Boosting water productivity and improving water efficiency in Qazvin Irrigation Network in Iran despite the COVID-19 pandemic

FAO and Iran’s ministries of Agriculture Jahad and Energy and local research institutions, keeps up with its commitment to implement activities in Qazvin.

Tehran – Amid more than a year-long COVID-19 pandemic, the Food and Agriculture Organization of the United Nations (FAO), in collaboration with Iran’s ministries of Agriculture Jahad and Energy and local research institutions, keeps up with its commitment to implement activities envisaged to further improve agricultural water efficiency, productivity and sustainability in Qazvin plain.

Thanks to the financial support provided by the Swedish International Development Cooperation Agency (SIDA) to a regional project implemented by FAO in eight countries in the NENA region, including Iran, the Organization moves forward with its running operations focused on enhancing water accounting and water productivity in Qazvin Irrigation Network (QIN) over the last 12 months. To mention a few, these undertakings cover a wide range of domains such as crop mapping, irrigation water resource mapping, water productivity mapping, actual evapotranspiration (ETa), water loss and crop yield measurement, farm households survey, and farmer field schools establishment. 

Contributing to the water accounting component of the project and based on a calibrated methodology and three rounds of data collections, FAO supported a local leading academic institution, Imam Khomeini International University of Qazvin (IKIU-Qazvin), to complete the development of two seasonal crops maps for QIN with the highest possible accuracy. The prepared crop maps enable the authorities to determine the area allocated to each crop type and obtain a more accurate assessment of agricultural water resources and water consumptions in the area. 

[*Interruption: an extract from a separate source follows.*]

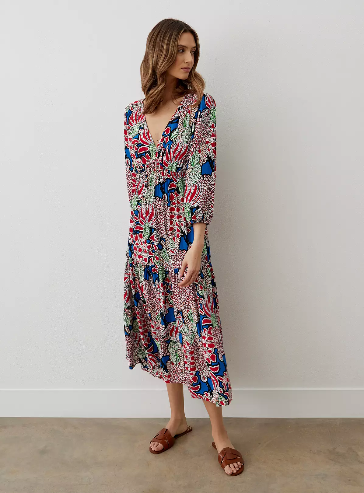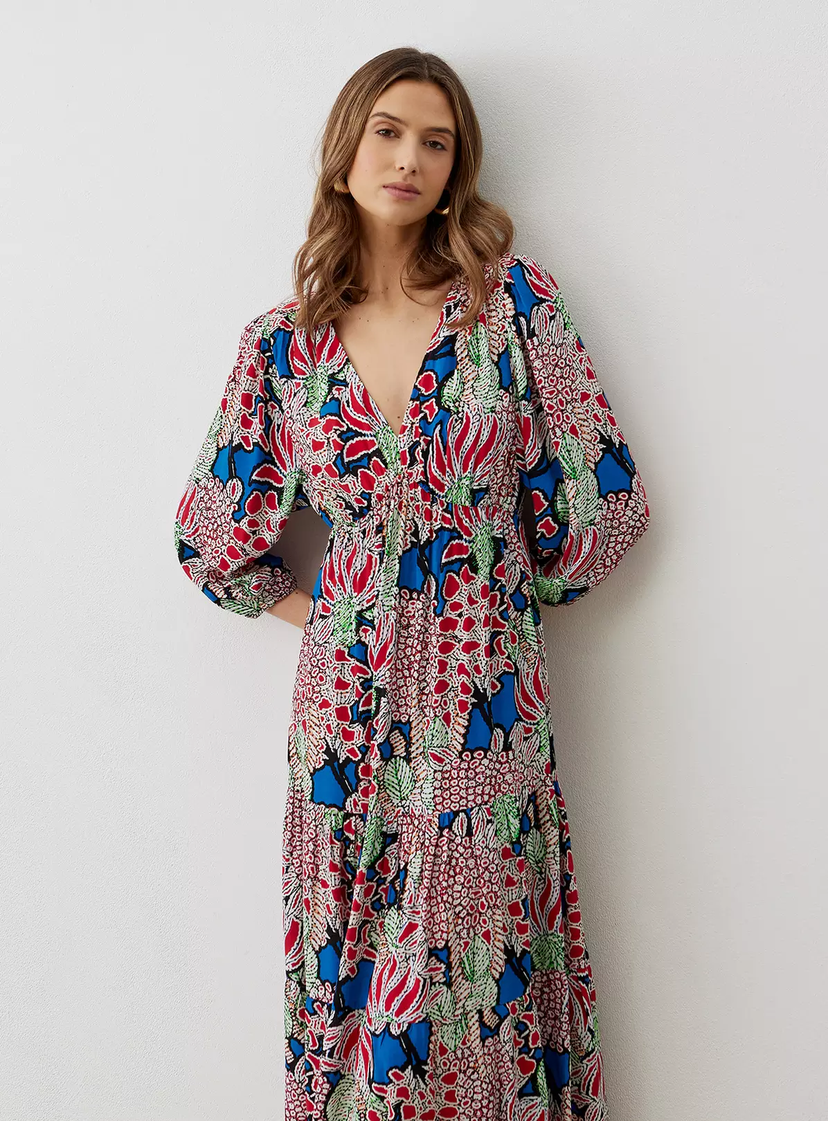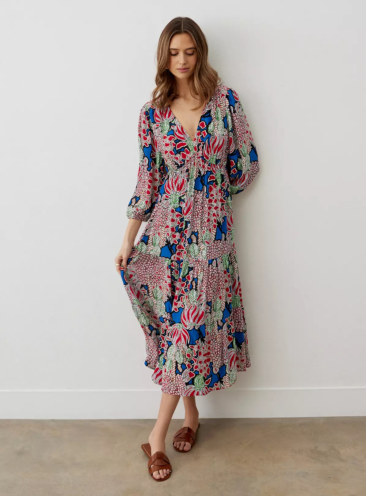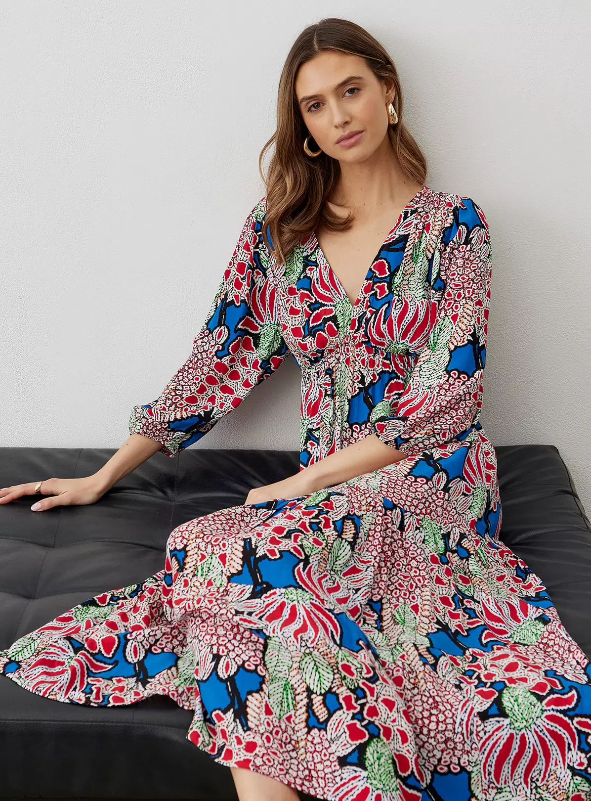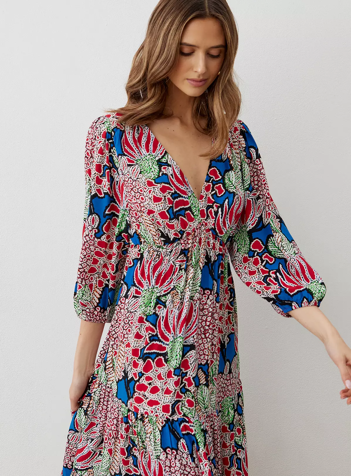 In a gorgeous floral print, Lesley is a midi length dress with short, puffed sleeves. With a feminine v-neckline and an empire line bust she makes for a flattering fit. Layer over a jumper and grab your favourite shoes to complete this every season look.

To facilitate the implementation of an integrated and sustainable management system in QIN, FAO joined hands with IKIU-Qazvin to start identifying the local agricultural water resources, their share in the irrigation of farmlands and delivery points in QIN. As part of this activity, IKIU-Qazvin will collects, modifies and updates the existing maps and data regarding boundaries of farmlands, cadastral maps, cultivation plans, coordination of water delivery points, wells, and other water sources, including perennial and seasonal rivers and non-treated wastewater, and the proportion of these sources in irrigation of farmlands at different times of the year using geospatial data, the Google Earth images, and high-resolution satellite images of Sentinel 2. 

Progressing forward with water accounting in QIN and pertinent information gaps, IKIU-Qazvin supported by FAO initiated the work on providing calibrated spatially distributed ETa maps for the area, based on the collected topographic, meteorological, soil and other geospatial data, satellite images (especially Sentinel and Landsat images) and the available field-data. 

The developed crops and ETa maps would be used to estimate crop water productivity and yield from the satellite in the study area. Building on the already developed assessment tools, remote sensing technologies, accessible database and complementary field questionnaires, the Organization supports the IKIU-Qazvin to produce and validate vegetation indices required for a calibrated AquaCrop model and develop and evaluate geospatial crop yield estimations. ETa, crops and yield maps then will be utilised by the project to produce water productivity maps of the selected crops (wheat, barley and maize) in QIN. 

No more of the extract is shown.